Vocally, one of the most enjoyable sequences for me was the ‘descant off’ between Henri (Markesha McCoy) and Willie (Madison McKoy) during a perfectly ordinary hymn. What voices! And terrific acting from these pair too. McCoy brings sass and vinegar to her role as the bar owner, she’s a dyke with duct tape and not afraid to use it, and McKoy’s overdone flamboyance and hand flappy gaiety is how a flame might have portrayed himself to the world those days.
In contrast is Thomas Campbell’s Richard. The bar also served as an outreach of the fledgling Metropolitan Community Church of which Richard is the Pastor. Campbell plays such a great role here, understated and yet involved, he is so much the man of peace, compassion and big picture thinking, who is both bemused and proactive. And his skills are called upon when conflict breaks out between Buddy (Anthony Harkin) and Dale (David Hooley).
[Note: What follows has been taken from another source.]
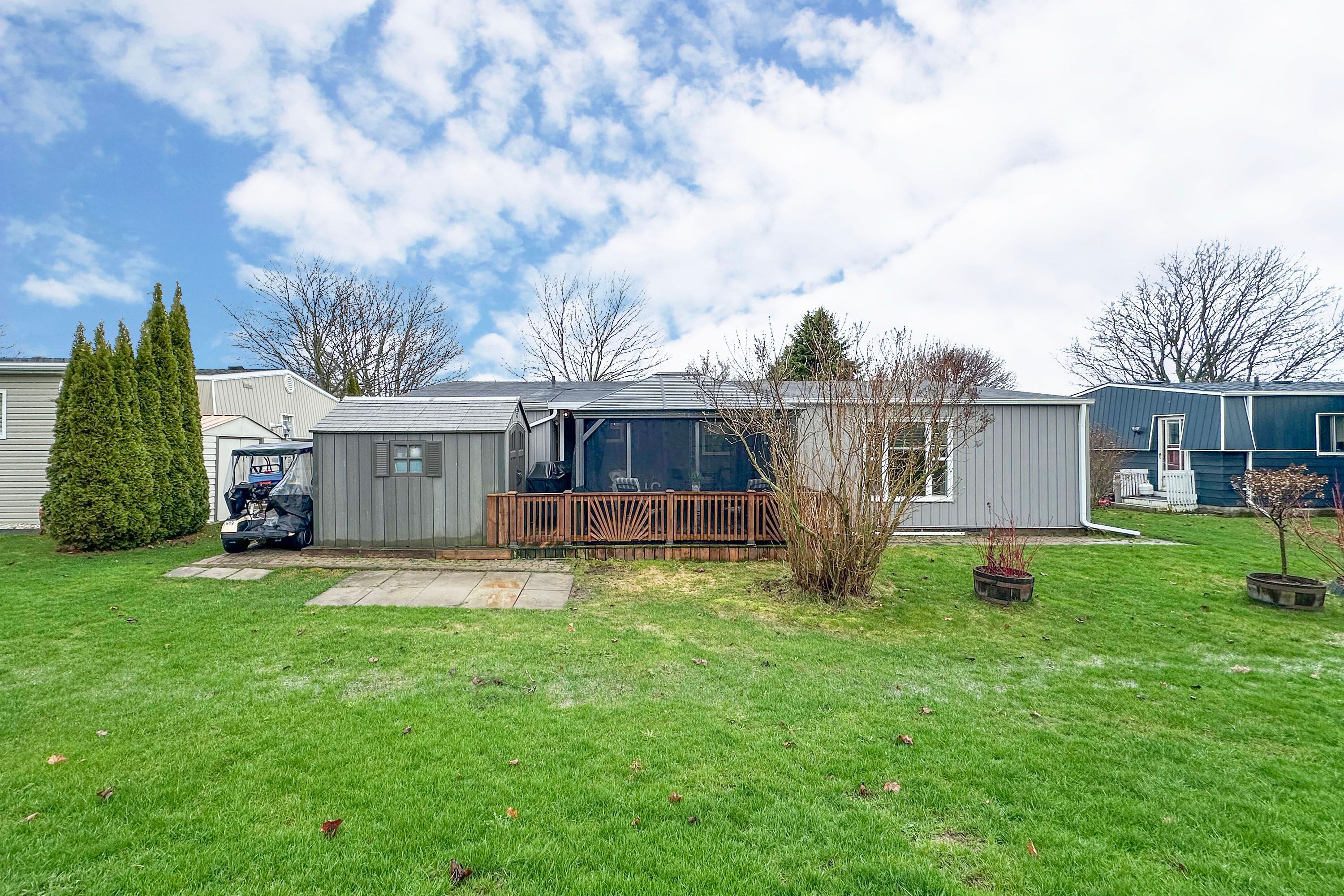 This stunning detached bungalow is located in wilmot creek, situated along the shores of lake ontario-an adult lifestyle community. This home shows pride of ownership throughout. Boasting hardwood floors. Oversized rooms offer an open-concept layout, bright principal rooms, and a seamless flow ideal for relaxed, low-maintenance living. Entertainers delight with a large deck with hardtop awning and gazebo. With its peaceful surroundings and resort-style amenities, it offers comfort, convenience, and community all in one place. Your lease ($1,300. 00/mo) covers plowing of driveways & road snow removal and gives you access to all amenities (including, but not limited to a 9-hole golf course recreation centre, horseshoes, lawn bowling, tennis/pickleball courts, pools, gym , sauna etc.). Plus over 80 activities including cards, shuffleboard, darts, billiards, dances, plays and much more.

Stellar work by Hooley in this pivotal role. By design, he is seldom front and centre in the mix of personalities, yet the pathos of his hanger-on status is evident every time he engages with the group. A found family who espouse inclusion and solidarity. Least capable of honesty in that bond is piano-player Buddy, troubled and conflicted work by Harkin who avoids any straight-acting clichés. Instead he cuts through the crust of our judgement to bring a poignant reflection of the times.
There are so many aspects of Shaun Rennie’s direction that I loved but it’s the choices like that which really give his production depth. And the way in which the whole work is so enriched by the characterisation of the irrepressible drag artiste Freddy. Played by Ryan Gonzalez, Freddy is superbly placed between macho Latin construction worker and diva. Never campy, two on stage would have been waaay too many, yet always excitable Gonzalez brings such truth to his creation. And he is costumed perfectly to show the before and after that only drag can truly attain.
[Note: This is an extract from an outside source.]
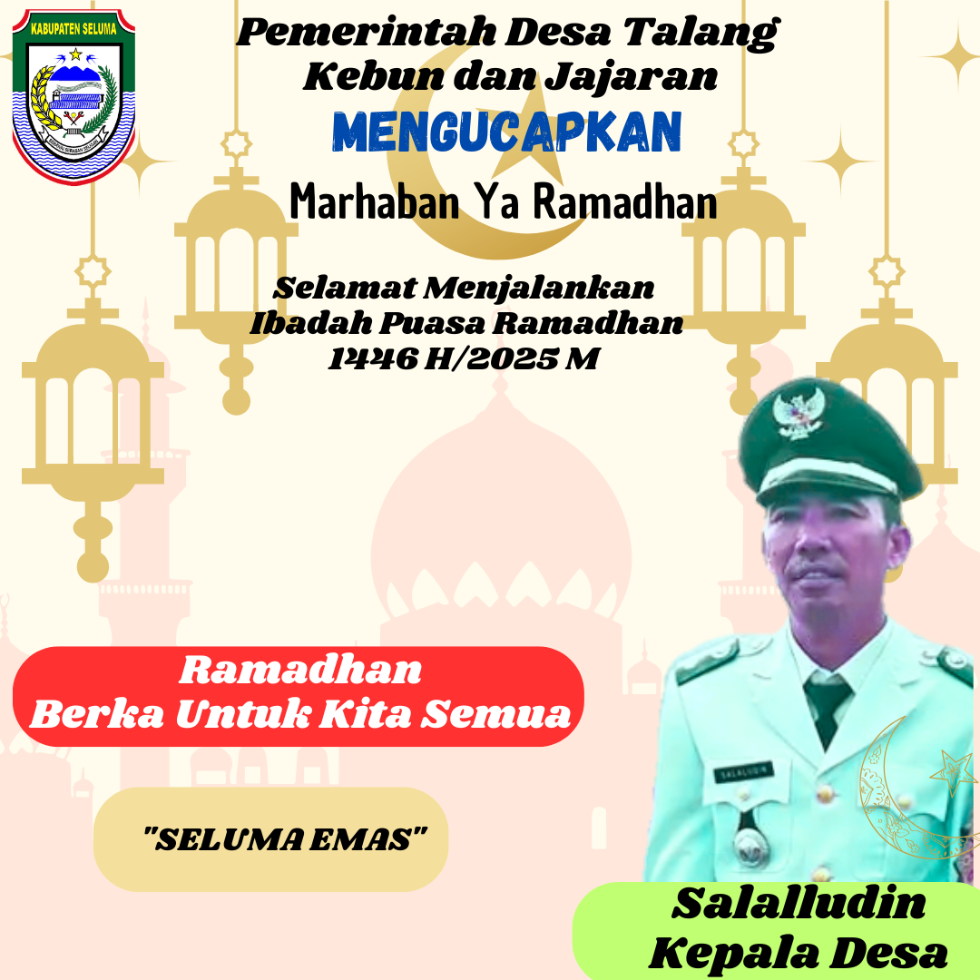 Kepala Desa Talang kebun Sallaudin mengatakan,Atas nama pemerintahan dan BPD mengajak kepada semua warga Talang kebun agar menjalankan ibadah puasa ramadhan 1446 hijriah/2025 Masehi.

His mum (Martelle Hammer) is steady, strong and value adds in providing the support and acceptance of the straight community and real-life family. Just part of the political undertow of a show which is peopled by the persecuted. Some with hope, some with the inertia of oppression and some at a full pelt run away from the past but all in constant movement.
The choreo (Cameron Mitchell) and the movement around the stage is smooth and apart from one solo squeezed into a corner, doesn’t attract the eye or look forced. There’s enough glam razzle dazzle to satisfy and enough still moments to give the show variety. It’s a tiny stage too, especially with punters at tables on the floor and a whacking grand piano plus a bar. The decor is “shitty stuff tacked up” in a fantastically detailed scenic design by Isabel Hudson which reminded me so much of the Taxi Club in its heyday. Clientele and narrow wooden stairs included. Ah memories.
Read the program before you see the show, I knew the story as a friend runs a LGBTQ+ tour of the French Quarter that I have done many times and the veracity adds to the experience. The work is based on the lives and circumstances of real people and a real event. The sadness undeniable and the echoes unstoppable.
That’s the thing about THE VIEW UPSTAIRS: It’s not a just a thoroughly entertaining musical set in an almost forgotten past… just a funny and moving history story. Invisible Wall Productions (the original producers) and Sugary Rum Productions have taken an Off Broadway hit and given it a polished and well executed tackiness melded with a musical pizazz that audiences obviously adore, the season has been extended. A chance perhaps, in the here and now, a now where PrEP and apps distract young men like Wes from community action, here at the Hayes at this time of year, a chance for others to hear a klaxon call to the politics of personal responsibility in that black box which is spitting distance from the arrests of the 78ers.